# Best DIY coil for max flavour for DIY juice in rdta at 100watts



## Ettiene (7/1/18)

Best DIY coil for max flavour for DIY juice in rdta at 100watts???

Reactions: Like 1


----------



## Friep (7/1/18)

You can check out this thread: https://www.ecigssa.co.za/coils-crafted-by-hand.t42630/
I enjoy parallel coils the most 26ga ni80 8 wraps 3mm id 0.19 ohms vaping at 50 watts but you should be able to push them to 100watts.

Reactions: Like 1 | Winner 1


----------



## DamienK (7/1/18)

I would definitely have to say 3 core Aliens (preferably 3x26g wrapped with either 34 or 36g N80) 2 core Staggered fused claptons. I don't bother with any other wire than Nichrome personally. Either of these coils will give you immense pride when you make them perfectly and give incredible flavour anywhere from 80w and up

Reactions: Agree 2 | Useful 1


----------



## GerritVisagie (7/1/18)

RDTA at 100W, you must hate your lips... tried that once, almost had blisters. (avo24)
Anyways, id also say some tricks-core Aliens.
@smilelykumeenit or @RiaanRed can sort you with some amazing coils, i use their coils in all my high performance devices, and they're awesome.
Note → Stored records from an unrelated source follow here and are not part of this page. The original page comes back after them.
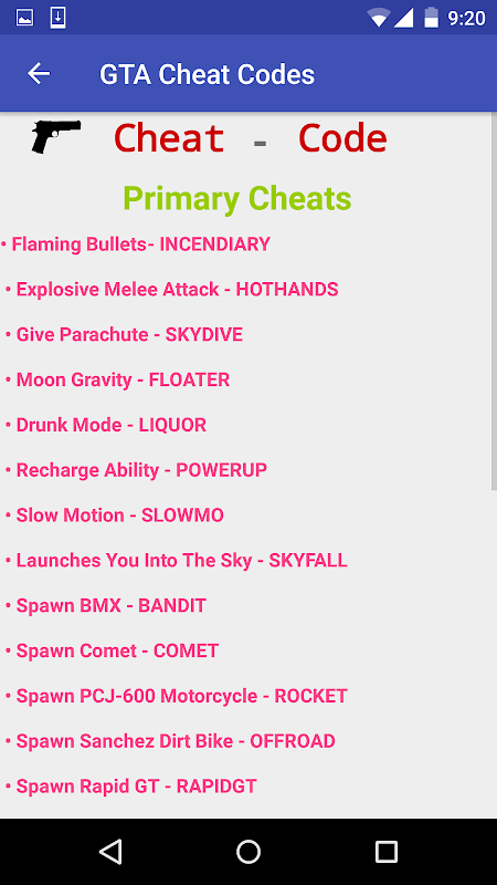 App pour Cheat Codes pour Grand Theft Auto V, et Grant Theft Auto San Andreas.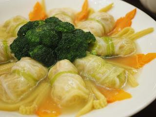 寸金紹菜包又是另一道手工菜,在這晚云云菜式中是比較清新的一道,紹菜包着的,是蝦肉蟹肉和切絲的鮮魷魚等配料,味道鮮香清甜,味道怡人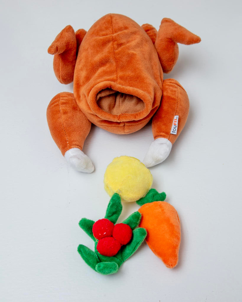 This plush turkey is filled with 3 mini toys for your dog to find. The cranberry toy features a fun crinkle material, while the lemon has a hidden ball shaped squeaker inside. The carrot features a hole to hide a treat in, adding another item to burrow for!
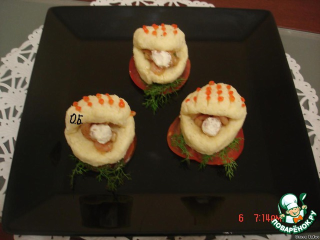 из картофельной массы делаем "ракушку", ножом делаем насечки на крышечке

Reactions: Like 4 | Useful 1


----------



## Ettiene (20/1/18)

Friep said:


> You can check out this thread: https://www.ecigssa.co.za/coils-crafted-by-hand.t42630/
> I enjoy parallel coils the most 26ga ni80 8 wraps 3mm id 0.19 ohms vaping at 50 watts but you should be able to push them to 100watts.
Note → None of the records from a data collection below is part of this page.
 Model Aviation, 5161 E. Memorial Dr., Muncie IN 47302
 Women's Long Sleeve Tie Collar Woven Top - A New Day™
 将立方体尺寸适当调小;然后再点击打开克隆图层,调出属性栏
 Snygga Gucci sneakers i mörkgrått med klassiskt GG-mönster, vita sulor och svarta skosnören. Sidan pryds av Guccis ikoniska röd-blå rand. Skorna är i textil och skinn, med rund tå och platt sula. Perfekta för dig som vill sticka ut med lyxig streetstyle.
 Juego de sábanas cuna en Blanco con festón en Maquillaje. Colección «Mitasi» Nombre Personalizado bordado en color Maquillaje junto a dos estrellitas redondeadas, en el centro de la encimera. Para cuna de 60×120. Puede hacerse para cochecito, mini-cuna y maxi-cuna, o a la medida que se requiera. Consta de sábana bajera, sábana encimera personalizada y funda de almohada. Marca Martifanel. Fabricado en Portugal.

I guess youre running that on TC Mode?

Reactions: Like 1


----------



## Friep (20/1/18)

Ettiene said:


> I guess youre running that on TC Mode?


 running them in power mode ni80 and tc doesn't go well together. You can do the same build with ss and then run them in tc if you want.

Reactions: Useful 1


----------